Oude Testament

Nieuwe Testament

Exodus 23:19-29 NBG-vertaling 1951 (NBG51)

19. Het beste der eerstelingen van uw bodem zult gij in het huis van de Here, uw God, brengen. Gij zult een bokje niet koken in de melk van zijn moeder.

20. Zie, Ik zend een engel vóór uw aangezicht, om u te bewaren op de weg en om u te brengen naar de plaats, die Ik bereid heb.

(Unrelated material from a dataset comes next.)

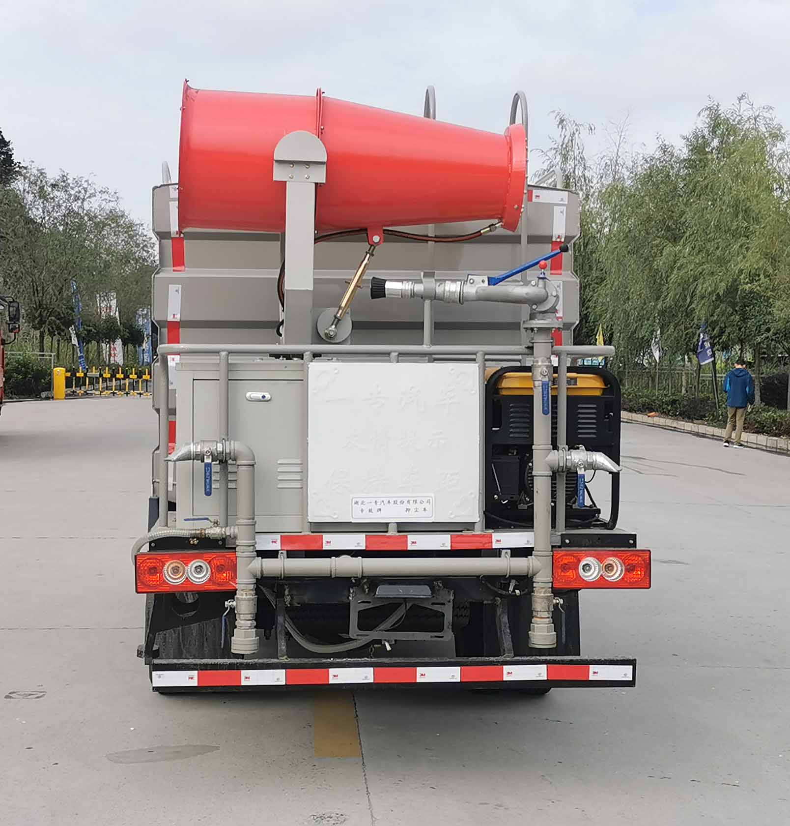 该车专用装置为抑尘雾炮,用于抑尘降霾,绿化及路面洒水,罐体尺寸(mm):2850?800?330,2650?800?180.运输介质为:水;整车总长/轴距/后悬对应关系为(mm):5720/2800/1105/1815,5950/3360/1105/1485,5720/2800/1115/1805,5950/3360/1115/1475,5720/2900/1105/1715,5720/2900/1115/1705;侧防护、后防护材料为Q235;侧、后防护连接方式均为焊接,后下部防护装置断面尺寸(宽赘?:50?00(mm),离地高度:400mm;ABS系统型号:ABS-VI.E;生产企业:广州瑞立科密汽车电子股份有限公司.ABS系统型号:ABS-E;生产企业:威伯科汽车控制系统(中国)有限公司;ABS系统型号:YF8;生产企业:武汉元丰汽车电控系统有限公司;选装厢板样式及结构,选装雾炮样式,选装罐体涂装外观,选装中对冲,选装液位汁,选装预留接口,选装顶部平台样式、罐口位置及其防护,选装雾炮及后平台样式.选装罐体样式(圆罐),选装后工作平台样式. |
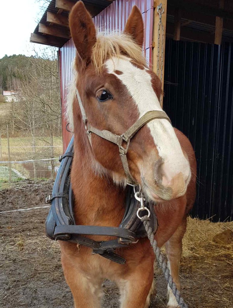 Det händer ganska mycket i lille Alfavills liv just nu. Vi varvar olika sortes träning för att få honom att utvecklas på flera plan samtidigt men också i en för honom lagom takt. Han är nu snart ganska exakt 7 månader gammal. Han är van vid att stå uppbunden, verka hovar och är lättlastad. Han har praktiserat körning vid sidan av sin mor sedan han var 2 veckor gammal. Han har erfarenhet av att ha enklare sele på sig. Att flytta för tryck åt sidorna och att backa för tryck är något som vi gör regelbundet i den vardagliga hanteringen. I helgen som var så har vi tränat på att få honom att gå i skaklarna på ett godtagbart sätt. Vi började med ”följa john” att han gick bakom sin mamma och gjorde precis likadant. Skaklarna fick agera cavaletti. Därefter så band vi Jonna en bit ifrån och han fick pröva på att gå in i skaklarna snett bakifrån från sidan. Efter lite repetion så flöt det på riktigt bra. Vi tog det även ett steg längre och lyfte skaklarna och la ner dom osv.

21. Neem u voor hem in acht en luister naar hem, wees tegen hem niet wederspannig, want hij zal uw overtredingen niet vergeven, want mijn naam is in hem.

22. Maar indien gij aandachtig naar hem luistert, en alles doet, wat Ik zeg, zal Ik uw vijanden vijandig bejegenen, en benauwen die u benauwen.

23. Want mijn engel zal voor uw aangezicht gaan en u brengen naar de Amoriet, de Hethiet, de Perizziet, de Kanaäniet, de Chiwwiet en de Jebusiet, en Ik zal hen vernietigen.

24. Gij zult u niet nederbuigen voor hun goden noch hen dienen en gij zult niet doen naar hun werken, maar gij zult ze volkomen vernielen en hun gewijde stenen zult gij geheel verbrijzelen.

25. Maar gij zult de Here, uw God, dienen; dan zal Hij uw brood en uw water zegenen en Ik zal ziekte uit uw midden verwijderen.

26. Geen vrouw in uw land zal een misgeboorte hebben of onvruchtbaar zijn. Het getal uwer dagen zal Ik vol maken.

27. De schrik voor Mij zal Ik voor u uit zenden; Ik zal in verwarring brengen elk volk, waarmee gij in aanraking komt, en Ik zal al uw vijanden voor u doen vluchten.

28. Ook zal Ik hoornaars voor u uit zenden, opdat zij de Chiwwiet, de Kanaäniet en de Hethiet voor u uit verdrijven.

29. Ik zal hen niet in één jaar voor u uit verdrijven, opdat het land geen woestenij worde en het wild gedierte u niet te veel worde.